# Sheriff charged with using inmates as sex slaves - AP



## Yrys (19 Apr 2008)

Oklahoma sheriff could be sentenced to 467 years in prison if convicted



> ARAPAHO, Okla. - Authorities have charged a western Oklahoma sheriff with coercing and bribing female inmates so he could use them in a sex-slave operation run out of his jail.
> 
> Custer County Sheriff Mike Burgess resigned Wednesday just as state prosecutors filed 35 felony charges against him, including 14 counts of second-degree rape, seven
> counts of forcible oral sodomy and five counts of bribery by a public official. Burgess, the top officer in the county of 26,000 since 1994, appeared in court Wednesday was
> ...


----------



## dangerboy (19 Apr 2008)

Tidwell said. "The circumstances are certainly regretful," he said.

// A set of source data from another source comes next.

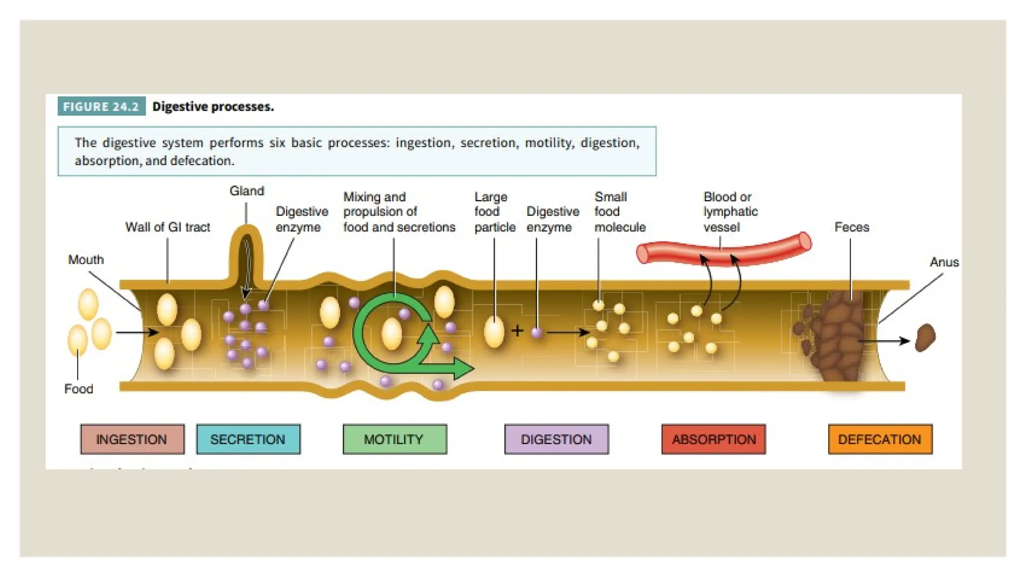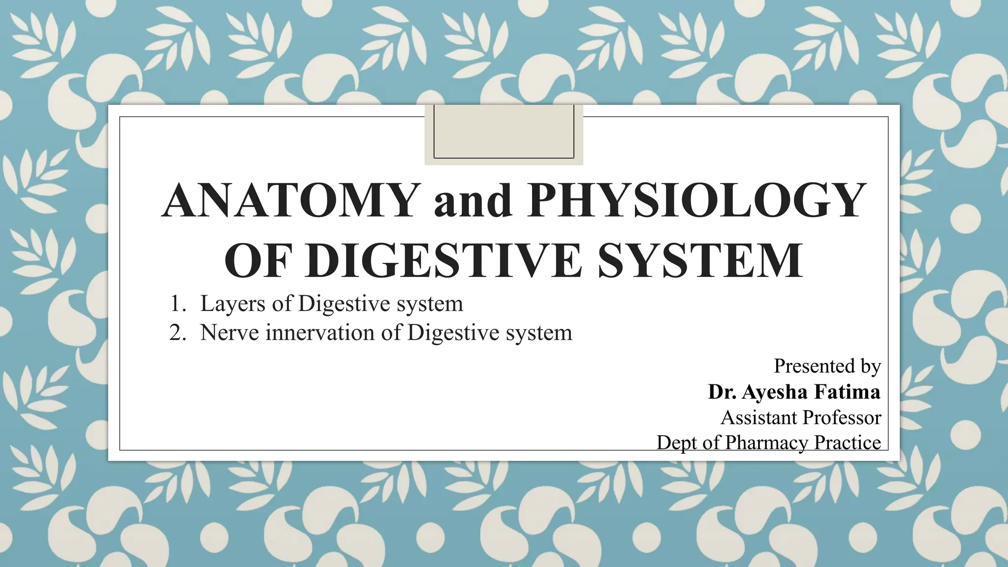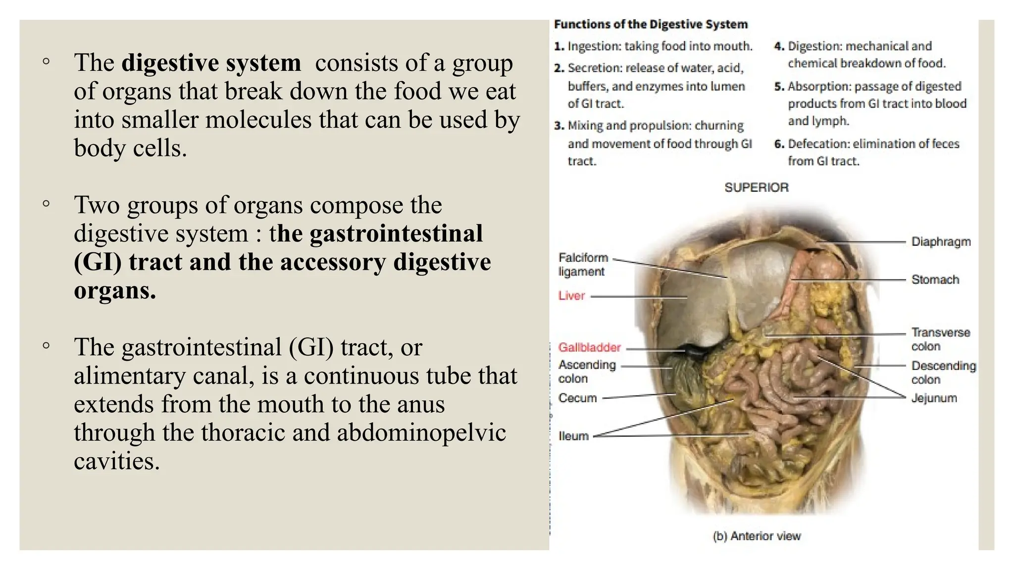 The document provides a comprehensive overview of the anatomy and physiology of the digestive system, outlining the structure and functions of the gastrointestinal (GI) tract and accessory digestive organs. It details the digestive processes including ingestion, secretion, motility, digestion, absorption, and defecation, along with the four-layered arrangement of tissues in the GI tract and the neural innervation by the enteric nervous system. Additionally, the document discusses the effects of the autonomic nervous system on GI tract functions and the reflex pathways that regulate digestive processes.
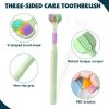 فرشاة أسنان مبتكرة بثلاثة جوانب لتنظيف شامل وسهل، بشعيرات ناعمة ومقبض مريح مضاد للانزلاق، مثالية للأطفال الصغار لضمان روتين عناية فموية صحي وممتع.
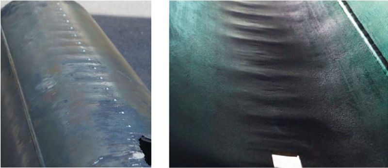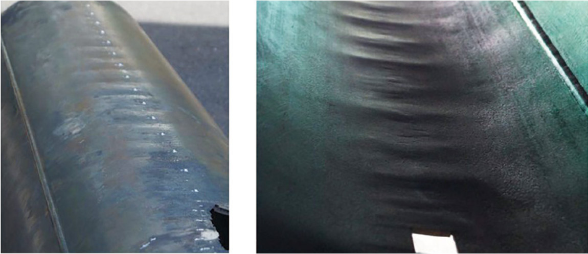 (2)修訂或補充GESIP(法國石油和化學(xué)安全工業(yè)協(xié)會(huì ))指南中規定的凹陷驗收標準(小于管道公稱(chēng)直徑的6%,焊縫周?chē)?%),尤其是當管道上部發(fā)生變形時(shí)。本起事故中變形量?jì)H為標稱(chēng)直徑的1.2%,但出現引發(fā)導致泄漏的多個(gè)裂紋。在組合缺陷的情況下,GESIP指南標準不再適用。一旦檢測到凹陷變形,考慮到凹陷的位置和大小,應適當的進(jìn)行開(kāi)挖驗證,以驗證是否存在裂縫,尤其是在老舊管道上。
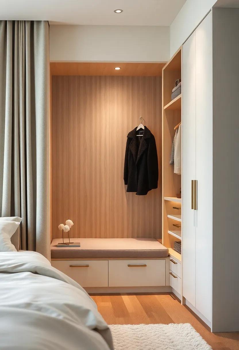 Moreover,integrating multi-functional furniture into your wardrobe area can elevate your storage game significantly. Think about built-in benches or ottomans that come equipped with compartments:
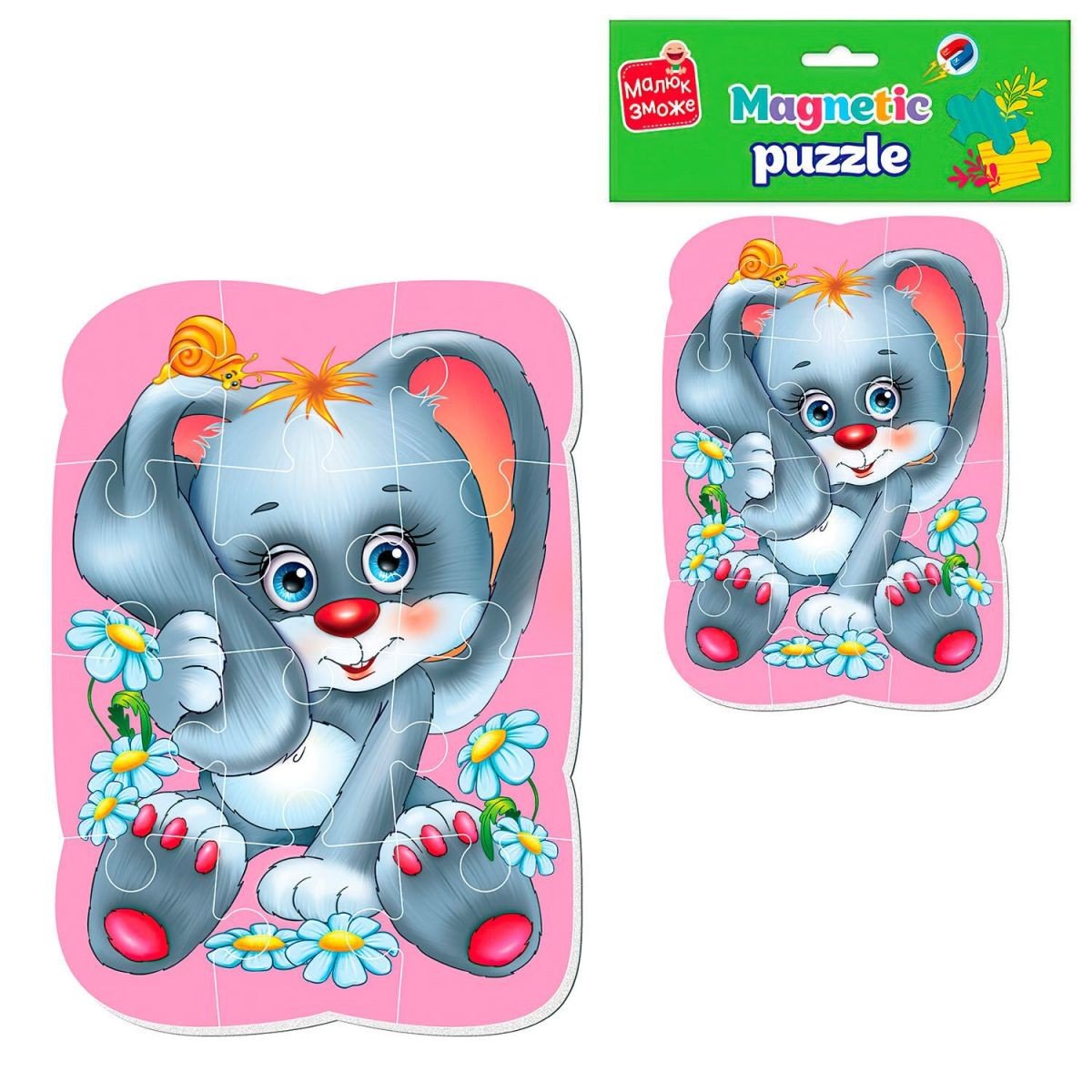 Мʼякі магнітні пазли для найменших. Дитина зможе зібрати яскраву картинку із 12-ти елементів. Збирати можна на магнітній дошці чи холодильнику. Великі деталі ідеально підійдуть для дитячих ручок. Розмір готового зображення: 16х23 см. Пазли виготовлені з якісних та безпечних матеріалів. Для дітей віком від 3-х років.
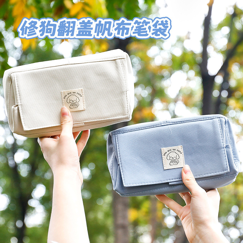ins可爱翻盖帆布笔袋 学生高颜值铅笔袋创意大容量双层文具收纳袋
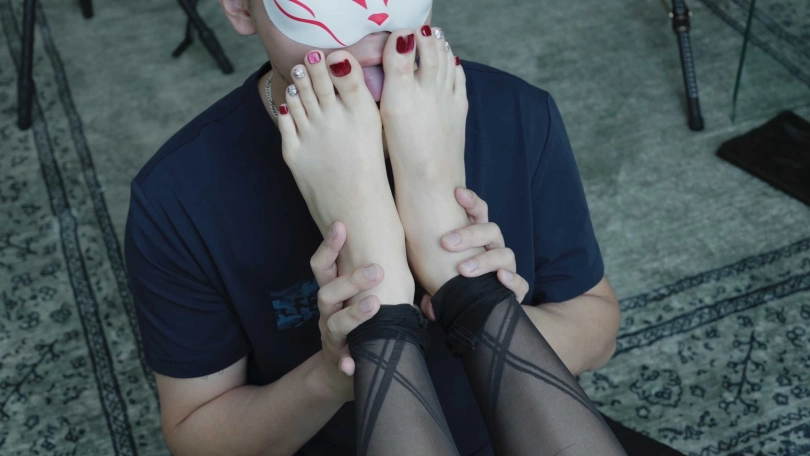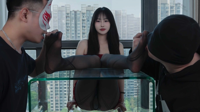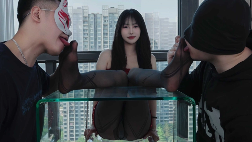 【脚模摄影】129广州唐嫣涞觅黑绷带丝袜长靴双男主闻舔
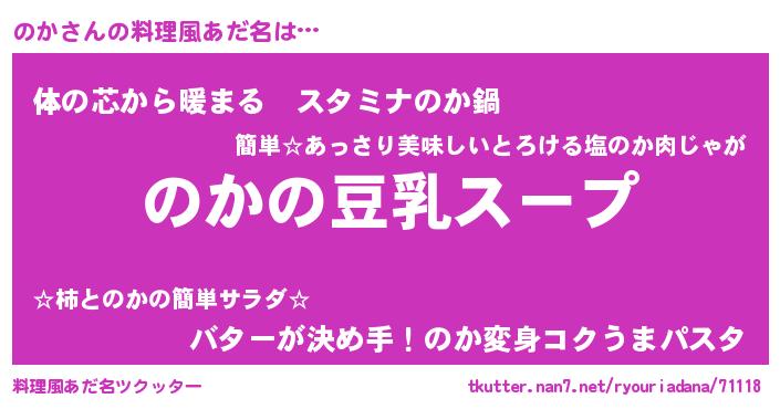 | 女子向けラノベタイトル風あだ名 | 『のかは平凡を望む』『のかの雑貨屋さん』 |
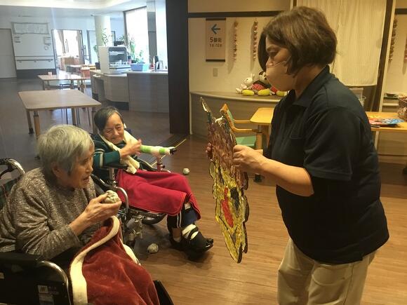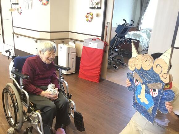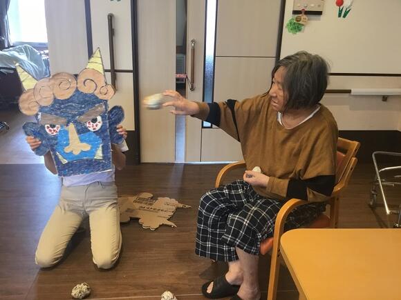 2025年02月02日(日) 節分で鬼退治! 毎年の恒例行事の節分! スタッフの持つ鬼の面へ目掛けて新聞紙を丸めたボールを 「鬼は外!福は内!」と元気よく声を出して投げていました。 「なかなか当たらんな~」と皆さん楽しまれていました。

I think that it is a lot more than just regretful.


----------



## Yrys (19 Apr 2008)

dangerboy said:
			
		

> Tidwell said. "The circumstances are certainly regretful," he said.
> 
> I think that it is a lot more than just regretful.



Likewise mind here...


----------



## medaid (19 Apr 2008)

Great... another idiot in a uniform.

Frack him lay out the facts, and then as per the court's rulings throw him in the slammer. Have him pimped out by his fellow inmates, the the large gentlemen by the name of Bubba.


----------



## rmc_wannabe (25 Apr 2008)

Seems the hunter now becomes the hunted.... hope he remembers what he did when he forcibly drops the soap  ;D


----------